We believe that the topological and structural features of heterogeneous network contain important information which is useful for discovering more reliable miRNA-disease associations. In present work, we develop an efficient computational method based on hybrid recommendation approach and unbalanced bi-random walk, called BRWHNHA (Bi-random Walk on Heterogeneous Network based on Hybrid Approach), which exploits the characteristic of nodes and the topological structural of the known miRNA-disease association by using hybrid recommendation approach, and taken advantage of the different topological structural between similarity networks of miRNA and disease by adopting bi-random walk on heterogeneous network. The hybrid recommendation algorithm adds some virtual edges to heterogeneous networks by calculating the transition matrix of bipartite network, so that the unbalanced bi-random walk on the new heterogeneous network can find potential miRNAs related to diseases more efficiently. To validate the prediction ability of BRWHNHA, we adopted five-fold cross-validation and compared BRWHNHA with MIDPE17, HAMDA21, and BRWH22. The average AUC is 2.13%, 0.69%, and 2.20% higher than the three methods. The case studies on lung neoplasms and prostatic neoplasms, and in the top 50 predicted associations, there are 49 and 46 real associations, respectively. It further demonstrates the ability of BRWHNHA in discovering potential miRNAs associated with disease.

Results

To evaluate the prediction effectiveness of BRWHNHA in exploring undiscovered association between miRNAs and diseases, we compared BRWHNHA with MIDPE17, HAMDA21, and BRWH22 by five-fold cross-validation with repeating 100 times on the dataset obtained by Luo and Xiao22. For a given disease, we randomly divided the known-related miRNAs into five subsets with equal size. For each round, we used one subset as testing set and other four subsets as training set. After 5 rounds, we calculated the average AUC value. In order to reduce false positive, we recalculated miRNAs similarity and obtained a bran-new similarity matrix in each round of prediction. Then we calculated the probability of association between the given disease and miRNAs by BRWHNHA. Finally, all candidate miRNAs were ranked by association probability. The higher the miRNAs in testing set were ranked, the better the performance. As the most of diseases only have a few association with miRNAs that have been proved, the performance of the prediction methods can not be accurately evaluated. Hence we only tested the 22 diseases associated with at least 60 miRNAs as Luo and Xiao22. We only showed recall-precision curve of breast neoplasms and lung neoplasms. In addition, we analyzed effect of parameters on performance of BRWHNHA.

Performance evaluation

In this study, the novelty of BRWHNHA was to calculate the transition probability matrix of bipartite network by using hybrid recommendation algorithm, and then a bi-random walk on heterogeneous network based on hybrid approach was adopted. The average AUC is 83.55% without using hybrid recommendation algorithm, which was 2.14% less than using hybrid recommendation algorithm. Therefore, it is important to construct the transition probability matrix by hybrid recommendation algorithm. The prediction accuracy was actually improved by exploring the prior information and topological structure of bipartite networks. The same heterogeneous network was used on MIDPE17, HAMDA21 and BRWH22. The best parameters of α = 0.9 and γ = 0.8 for MIDPE, σ = 0.7 and ρ = 0.8 for HAMDA λ = 0.6, α = 0.4, r = 2, l = 1 for BRWH were adopted as reported in original papers.

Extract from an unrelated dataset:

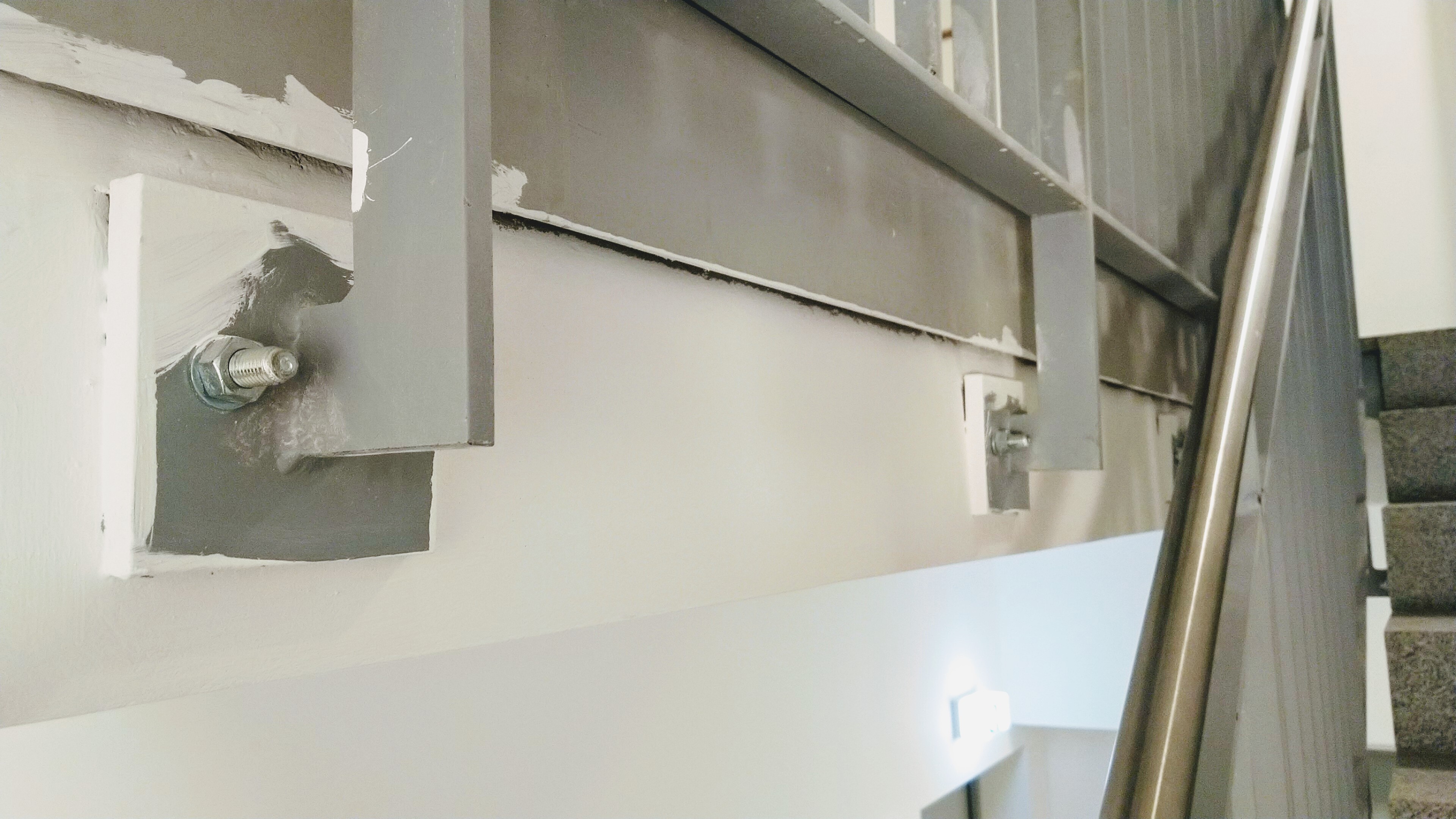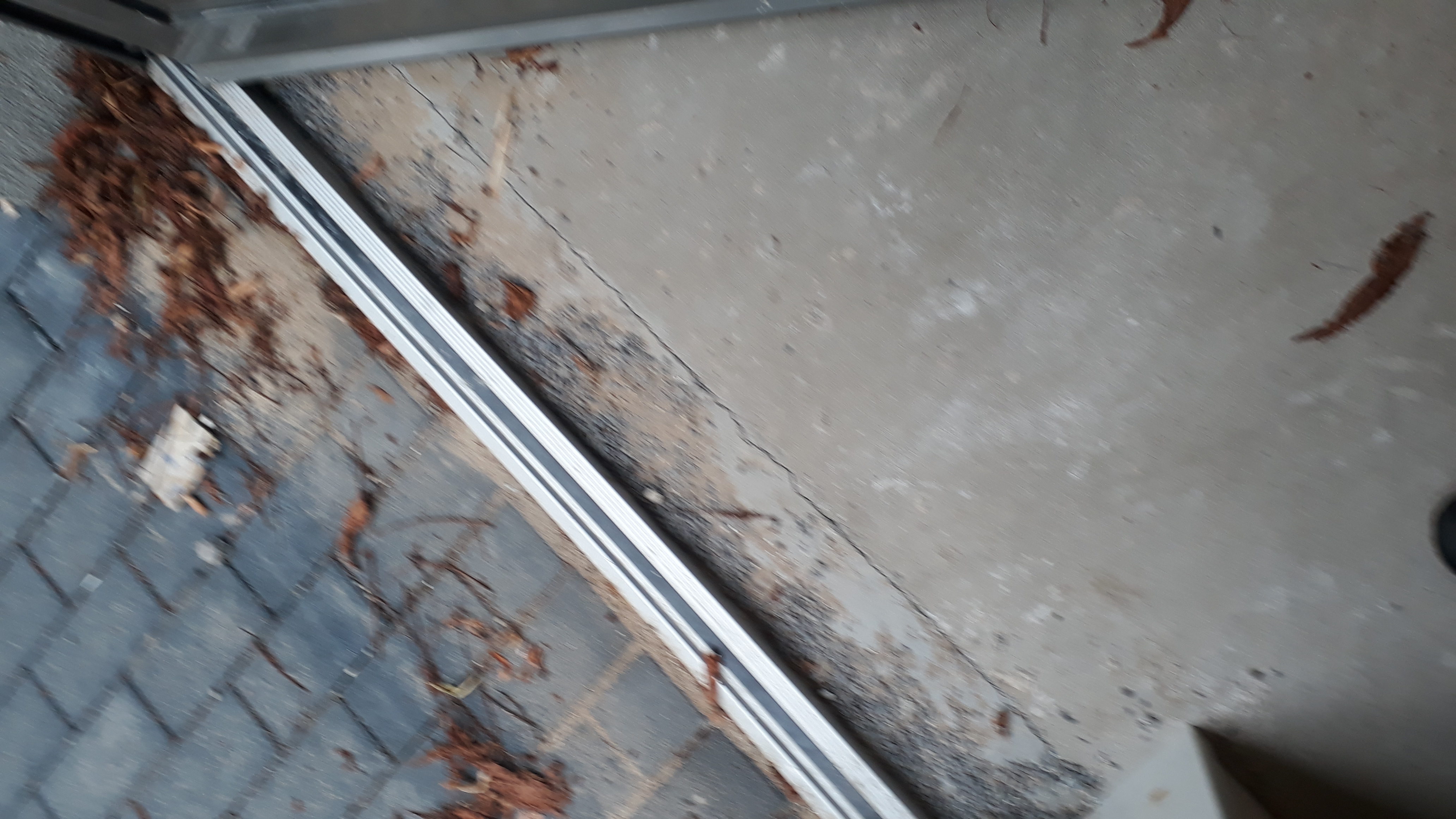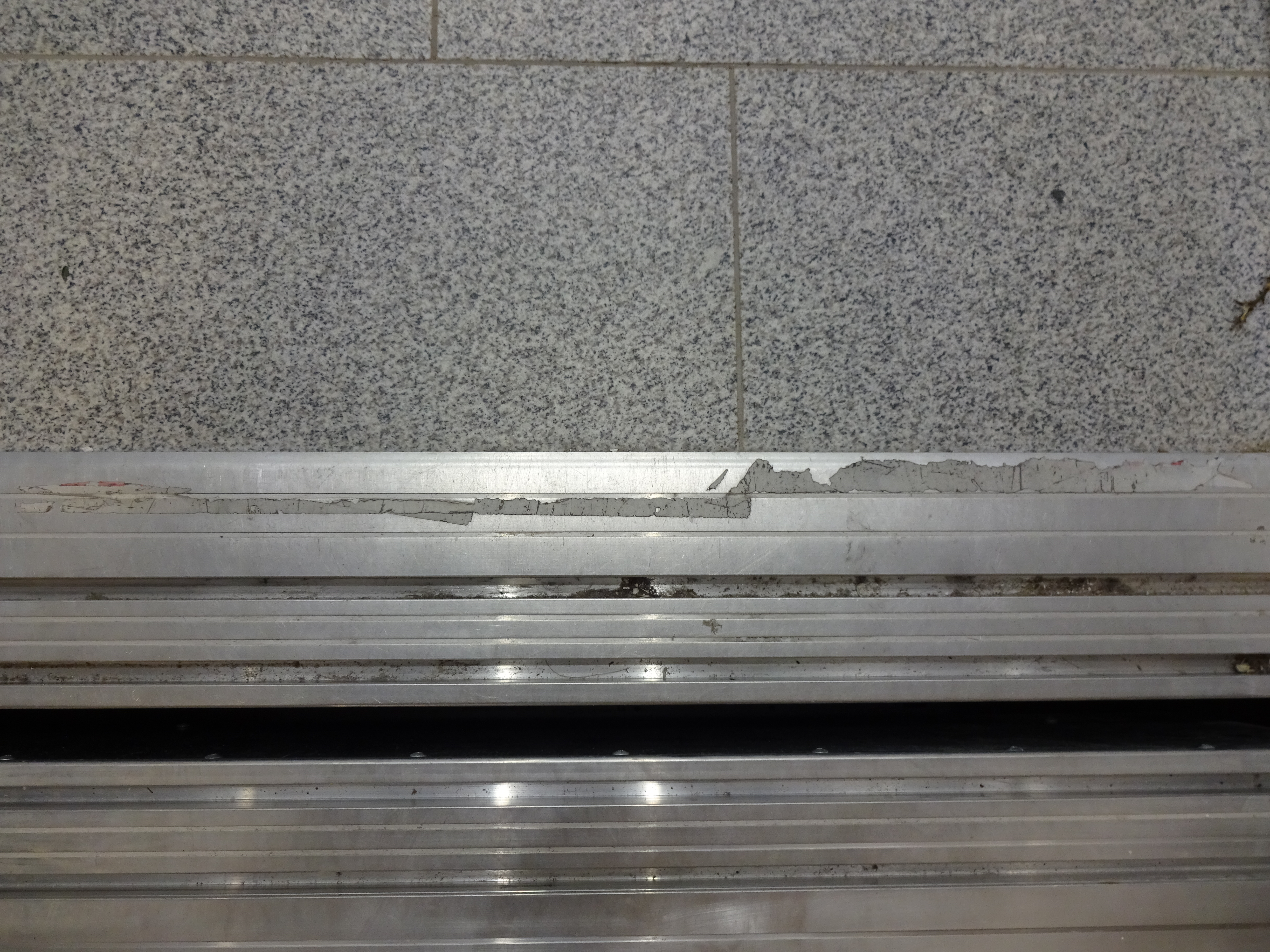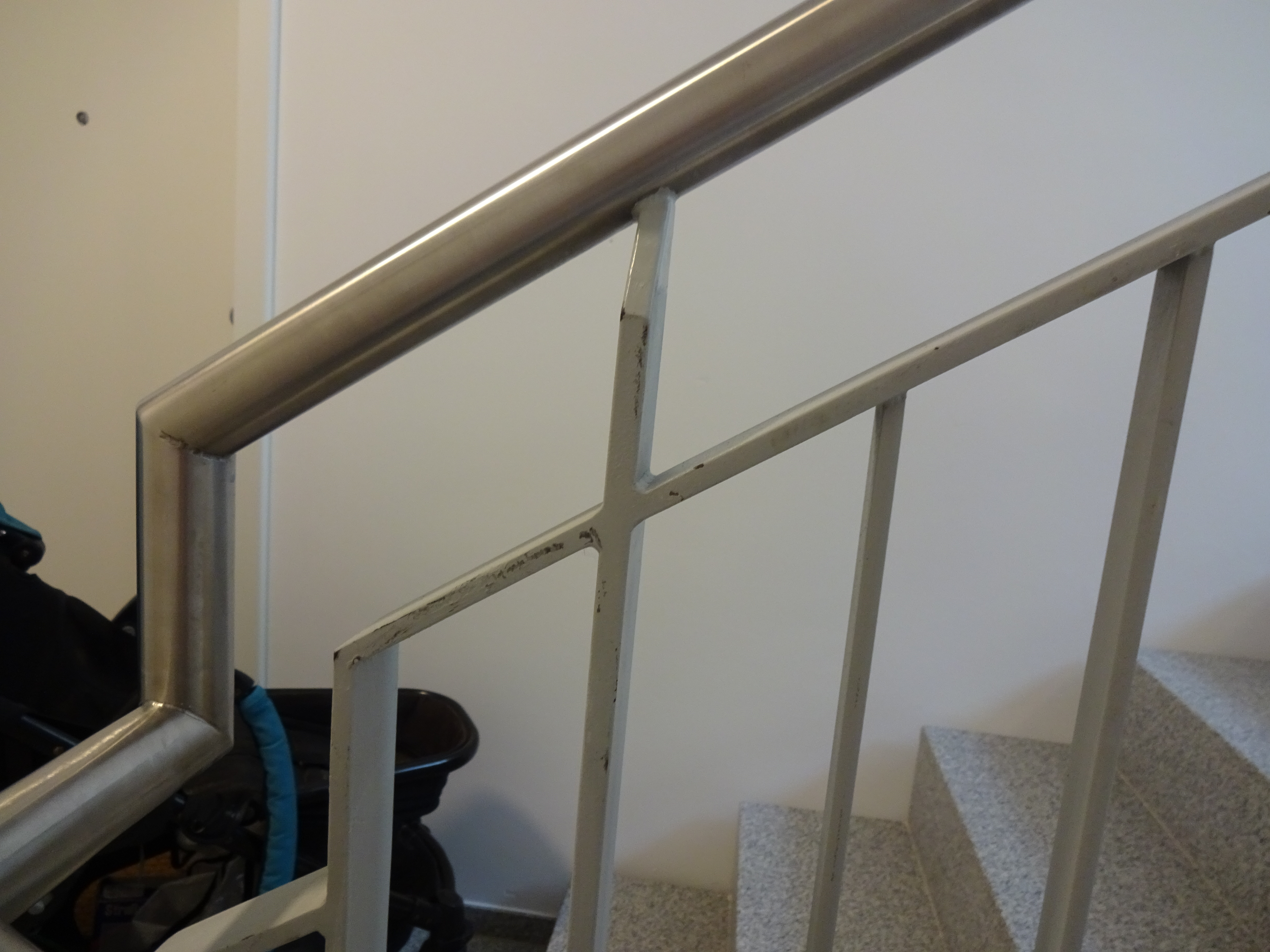 Bezug Zeile 214 Mängelliste - sehr oberflächlicher Versuch die Beschädigung des Bodens bzw. der Stufenkanten mit Aluschienen zu verdecken.

As illustrated in Table 1, the average AUC values of MIDPE, HAMDA, BRWHA and BRWHNHA in 22 diseases are 83.55%, 85.00%, 83.49% and 85.69% respectively. BRWHNHA performed the best with AUC 2.13%, 0.69% and 2.20% higher than other three methods. Moreover, BRWHNHA is superior to MIDPE and BRWH in all measurements for 22 diseases. Although HAMDA achieves higher AUC than BRWHNHA in 7 out of 22 diseases, but BRWHNHA obtains better performance in most of diseases. Since HAMDA repeatedly uses the known miRNAs-disease association data in the measurement of miRNAs similarity, it maybe overestimate the results. ROC curves of BRWHNHA and other three methods corresponding to the maximum AUC value in five-fold cross-validation at 100 times have shown in Supplementary Fig. S1 in Additional file.

Table 1 Predicting outcomes for MIDPE, HAMDA, BRWH and BRWHNHA by the five-fold cross-validation.

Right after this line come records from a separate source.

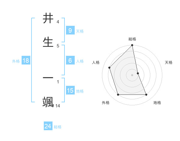 井生 一颯さんの総格は24画の5点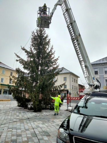 Mit Hilfe des TM32 wurde der Christbaum am Ferlacher Hauptplatz zum Strahlen gebracht.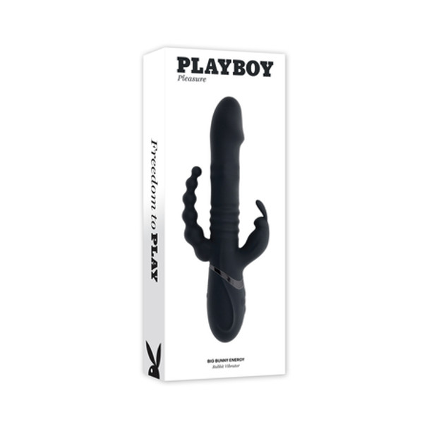 Freedom to Play:Turn it on and feel the Big Bunny Energy for yourself. Stimulating three erogenous zones at once, this energetic triple-shaft Rabbit Vibrator will leave you breathless. Two swirling beaded rings insde the main thrusting shaft provide a thrilling internal massage that begins at the realistically-shaped tip. Explore a tri-gasmic experience with the gently curved Anal Beads, powerful vibrations in the shaf, and external bunny shaped stimulator.Play with me (key feature): Triple stimulation from Anal Beads, thrusting shaft, and external stimulatorVibration: 7 vibrating speeds and rhythms, 3 thrusting and rotating speeds and rhythmsMaterial: Body-safe Silicone, Phthalate and latex freeWaterproof: YesWarranty: Five yearsRechargeable: USB cable includedSize Specs:Height: 10.3"Depth: 3.89"Width: 1.71"Diameter: 1.5"Insertable Length: 6.25"Weight: 12.2 oz. (with packaging: 23.8 oz.)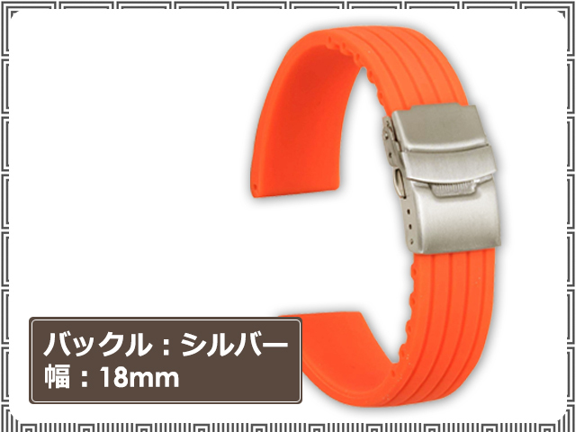 時計バンド 交換ベルトシリコーンゴム 腕時計ストラップ 18mm シルバー金具×オレンジ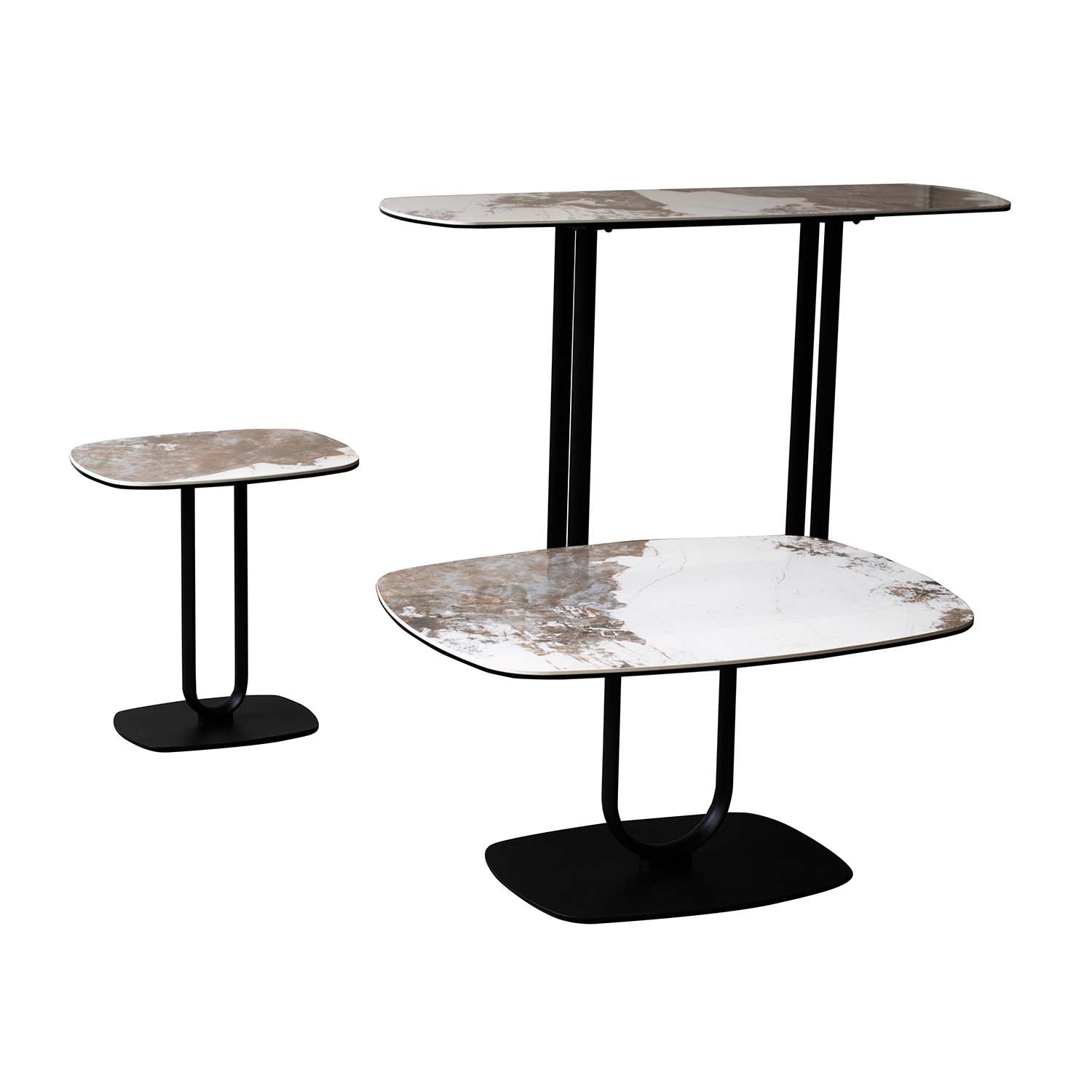 Elevate your interior with this elegant console table featuring a premium Panlola 6mm ceramic + 6mm glass tabletop, beautifully finished with a white and grey marble-effect surface. Supported by a sleek black powder-coated metal frame—perfect for hallways, entryways, or behind-sofa styling. Its modern form and durable materials make it a striking and functional addition to any contemporary living space. Assembly required.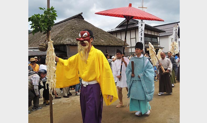 高倉神社的祭禮活動,身穿白裝束頭戴黑烏帽的當地村民,形成以神輿為中心的遊行隊伍,祈求家庭平安、五穀豐收。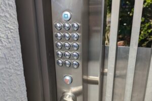 電気錠を取り外し機械式テンキー錠への取替依頼 既設の門扉をそのまま使い機械式テンキー錠 キーレックス4000を取り付ける工事です。 縦框の幅が足らないのでステンレスで囲いを作り扉に固定することで必要な幅を作り出します。 […]

In Fig. 1, we compared BRWHNHA with other three methods in the recall-precision curves of breast neoplasms and lung neoplasms based on five-fold cross-validation. The precision-recall curve was obtained by measuring recall and precision at positions of top k (k = 10, 20, …, 100). The results show that our method achieves the highest precision and recall in the top 20. Moreover, with the increase of k value, the precision of BRWHNHA decreases, but the recall increases. It suggestes that the associations ranked in top position have higher probability of being potential miRNA-disease associations. We also compared the statistical significance of the difference in predictive ability between BRWHNHA and other three methods by paired t-tests. The P-values are listed in Table 2. Obviously, BRWHNHA achieves better performance than MIDPE, HAMDA, BRWHA at the significance level of 0.05.

Figure 1
figure 1

Recall-precision curves of breast neoplasm and lung neoplasm by five-fold cross-validation.

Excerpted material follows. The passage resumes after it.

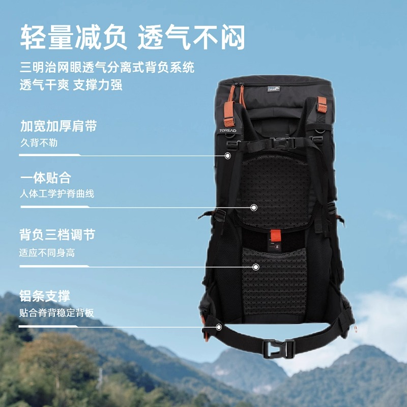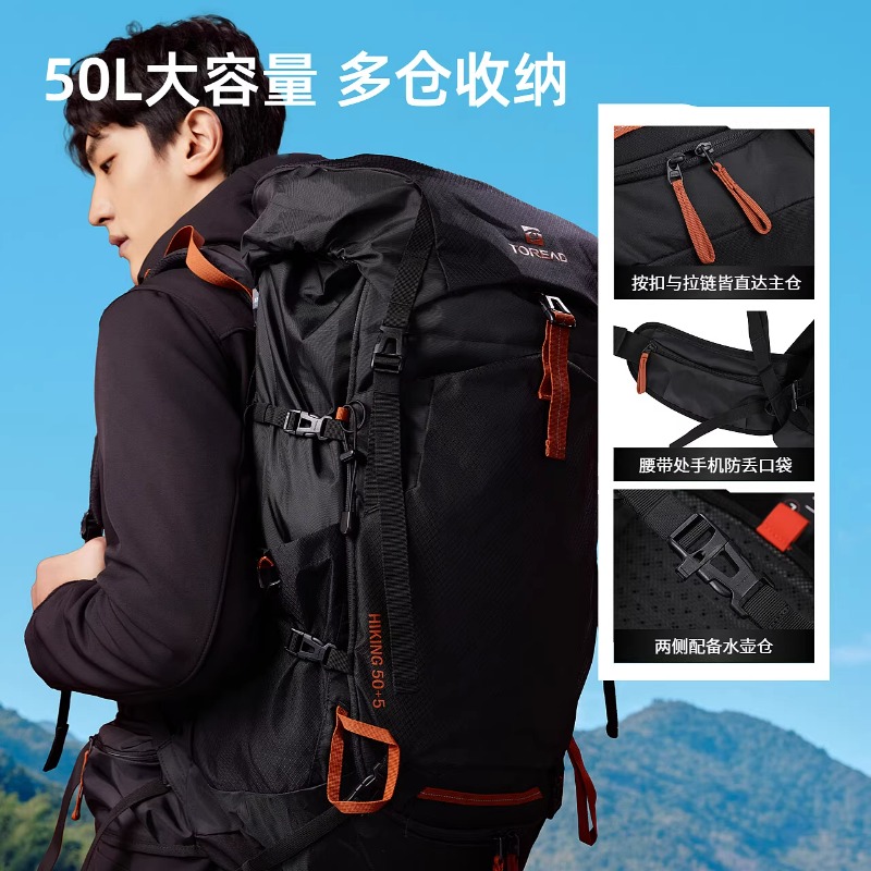 探路者户外双肩背包专业重装登山包50升大容量轻便黑色徒步露营包

Table 2 Pairwise comparison between BRWHNHA and another method by paired t-test on the AUC of prediction.

We also compared our method with SPM on the dataset used by Zeng et al.23. We found that our method performs slightly better than SPM on five subsets with equal size in five-fold cross-validation in most cases (comparison results are not shown here).

Effect of parameters in BRWHNHA

There are four parameters λ, α, r and l explored in our method. The parameter λ is the hybridization parameter to mediate between HeatS algorithm and ProbS algorithm different kinds of resource distribution processes, and parameter α plays the role to control the consistence between the predicted candidate miRNA-disease associations and the known associations. The parameters of r and l are the numbers of maximal random walk steps in miRNA similarity network and disease similarity network, respectively. We set various values of λ and α ranging from 0 to 1, the step length was 0.1. r and l were taken to be between 0 step to 5 steps, the step length was 1. Then, we calculated average AUC in the framework of five-fold cross-validation. Table 3 shows the effects of λ, α, r and l on the cross validation result in miRNA-disease association dataset. It can be observed that BRWHNHA achieves the best performance, when λ = 0.6, α = 0.4, r = 2, l = 1.

Table 3 Effects of parameters λ, α, r, l on prediction performance of BRWHNHA.

Case study

To further validate efficiency of BRWHNHA for discovering the potential associations between miRNAs and diseases, we conducted two case studies of Lung neoplasms and Prostatic neoplasms here. All known miRNA-disease associations released in June 2014 were regarded as training sets, and the set of candidate associations formed by all other associations. The prediction results of Lung neoplasms and Prostatic neoplasms were confirmed based on relevant literatures and two important public database: dbDEMC24 and MiR2Disease25.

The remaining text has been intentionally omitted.